Sosta. Mangiamo un pane al queijo (formaggio) e nel frattempo sfogliamo un libretto che elenca alcune delle specie animali presenti nella zona: coccodrilli – o alligatori? Quanta ignoranza mi accorgo di avere sugli animali - uccelli di mille specie e colori diversi, capivara – che assieme al coccodrillo pare sia una delle carni mangiate in zona – ed il formichiere di cui io m’ero dimenticata l’esistenza e che mi ha riportato all’infanzia, quando sfogliavo delle carte con i nomi degli animali e guardavo incuriosita questo “coso” dal muso lungo che infilava nei formicai. In effetti con dei formicai tanto grandi non poteva non esserci un formichiere in zona.
Ripartiamo. Che colori, che paesaggi, vediamo degli strani uccelli, tipo struzzi. Mi sembra incredibile, guardare scorrere questo cielo, questa natura inimmaginata dal finestrino della macchina, con di sottofondo una colonna sonora pop occidentale un pò antica– U2, Police, Madonna, ad un certo punto addirittura i 4 Non Blondes e i Pet Shop Boys - che stona ma allo stesso tempo si accorda in qualche modo con tutto il resto. Forse perché quando uno è sereno, poi tutto s’accorda. Mi sento molto fortunata a vedere tutto questo, cerco di fare tante foto per poterne condividere almeno un po’. Seconda sosta all’ultimo punto di ristoro sulla strada prima di affrontare 160 km di nulla.
Ripartiamo e quasi subito sul lato della strada vedo un alligatore - jacarés in portoghese credo quindi si tratti di alligatori quelli che ci sono in zona e non coccodrilli – probabilmente morto dopo essere stato investito nel tentativo di attraversare la strada. Noi abbiamo i gatti, i cani, le volpi tuttalpiù, qua ci sono gli alligatori e, poco dopo, un formichiere!! Lo riconosco subito dal musone lungo spappolato sull’asfalto. Ancora abbiamo incontrato una tarantola, viva, che attraversava la strada. Ma questa io non l’ho vista.
Animali investiti a parte sembra quasi un esercizio di rilassamento questo viaggio, è così piacevole abbandonarsi alla musica, al paesaggio, ai pensieri, all’andamento della macchina. Un tramonto mozzafiato accompagna il tutto.

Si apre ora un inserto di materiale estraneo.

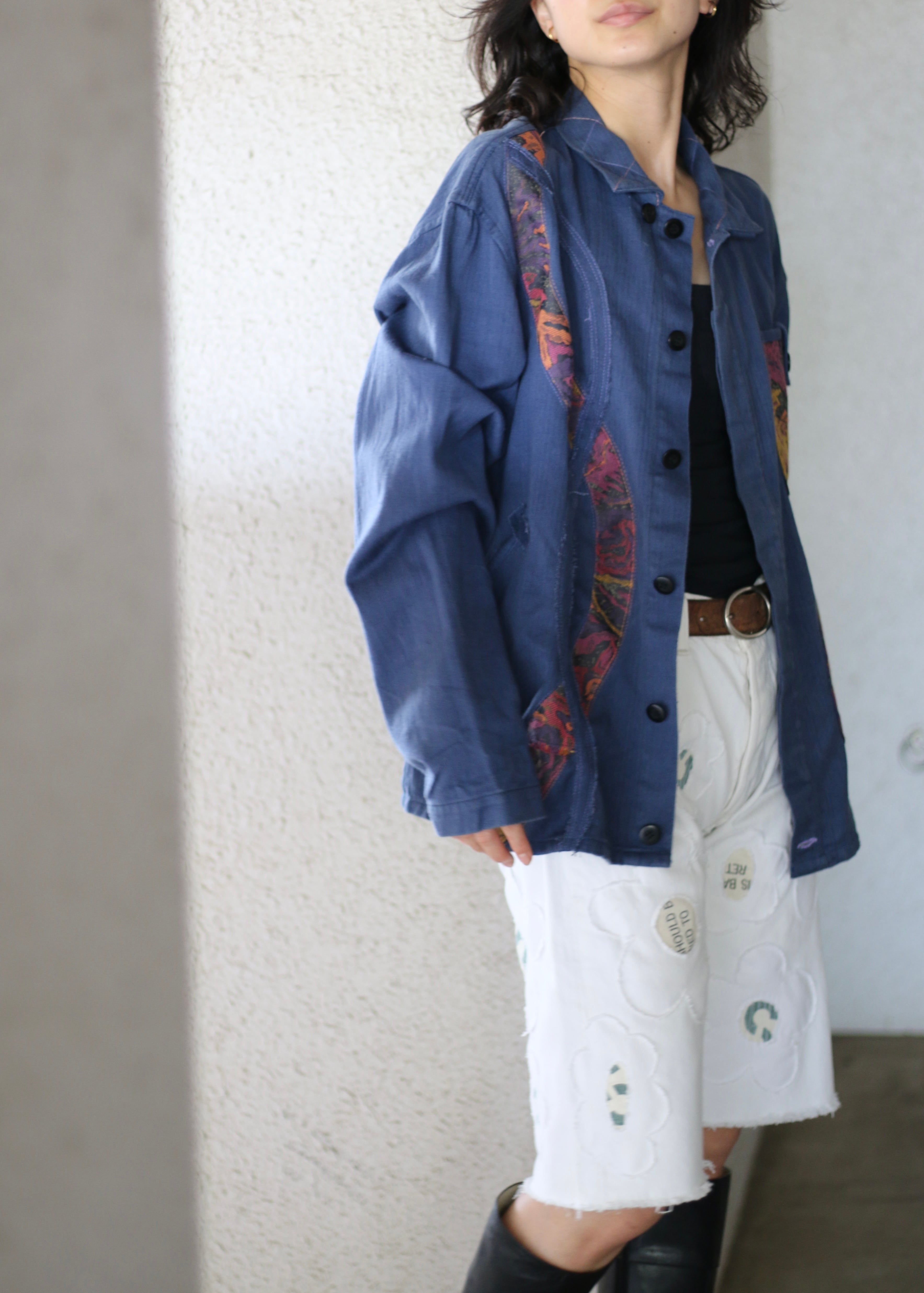 ヘリンボーンツイルのビンテージフレンチワークジャケットを、ハンドポケット、胸ポケットを取り付けて気の利いたデイリーユース向け仕様に編集しております。

Ad un certo punto, l’autista accosta, vicino ad un corso d’acqua, siamo praticamente su un ponte. Non capisco bene, finché non scorgo dal finestrino una marea di “jacarés” nel fiume sottostante.

L’autista apre la porta – ed io subito dietro a lui – per scendere a vedere. Maledetta curiosità. Non appena apriamo le portiere una nuvola nera di zanzare invade la macchina. Richiudiamo subito ma a quel punto il danno era fatto, allora, ancora più incoscienti, tutti insieme decidiamo di scendere, che sarà mai. Avvolta in una nuvola di zanzare, scatto persino una foto agli alligatori, poi mi giro e vedo le schiene dei miei compagni di viaggio totalmente ricoperte di zanzare, confesso che a quel punto mi sono spaventata. Ci rendiamo conto che sono effettivamente troppe e corriamo a rifugiarci in macchina. Ma ormai il danno è fatto, oltre ad essere stata divorata dalle zanzare, specialmente su collo, braccia e gambe, la macchina è stracolma. 

Dopo un momento di panico, capisco che l’unico modo per sopravvivere e non morire di crisi isterica in una macchina al centro dell’America latina, è di mantenere la calma. Bevo un po’ d’acqua (per buttare giù quelle indigeste zanzare che avevo in gola), mi bagno un po’ la fronte chiudo gli occhi e cerco di rilassarmi. Credo di aver in qualche modo fatto meditazione. Ho pensato che andava tutto bene, che non dovevo grattarmi, ho pensato che non avevo punture. Nel frattempo però la miriade di zanzare in macchina infastidiva il mio tentativo di rilassamento, quindi è cominciata una vera e propria guerra 4 esseri umani – di cui i due brasiliani con pochissime punture a confronto! – contro miriadi di insetti. Dopo circa 1 ora e mezza di viaggio e qualche punturina in più, - che a quel punto non faceva la differenza - abbiamo vinto noi. Io ho continuato a cercare in me stessa calma e rilassamento, nonostante un po’ di paura per il gonfiore che però è andato via subito. Sono stata contenta di essermi vaccinata per la febbre gialla! Ritorna la calma, e tante risate che, devo dire, in perfetto stile Brasiliano, non sono mai mancate, neanche quando stavamo all’aperto avvolti da una nube di zanzare!
Un particolare: spettatori di tutta questa scena oltre a noi quattro, gli alligatori e le zanzare, sono stati un signore di una certa età brasiliano, comodamente seduto su una sedia a bordo strada, avvolto, impassibile dalle zanzare, assieme al suo cane sonnacchioso, che vegliavano sulla strada dall’uscio di una baracchetta. Ora mi domando se me lo sono immaginata o se era effettivamente un essere umano vivo.
Arriviamo a Corumbà che ormai è buio, vedo spuntare da una collina un cristo tipo quello di Rio.  Attraversiamo strade male asfaltate, case basse, macchine vecchie, baretti e spacci coloratissimi, che nel mio soltio immaginario fanno molto Messico. 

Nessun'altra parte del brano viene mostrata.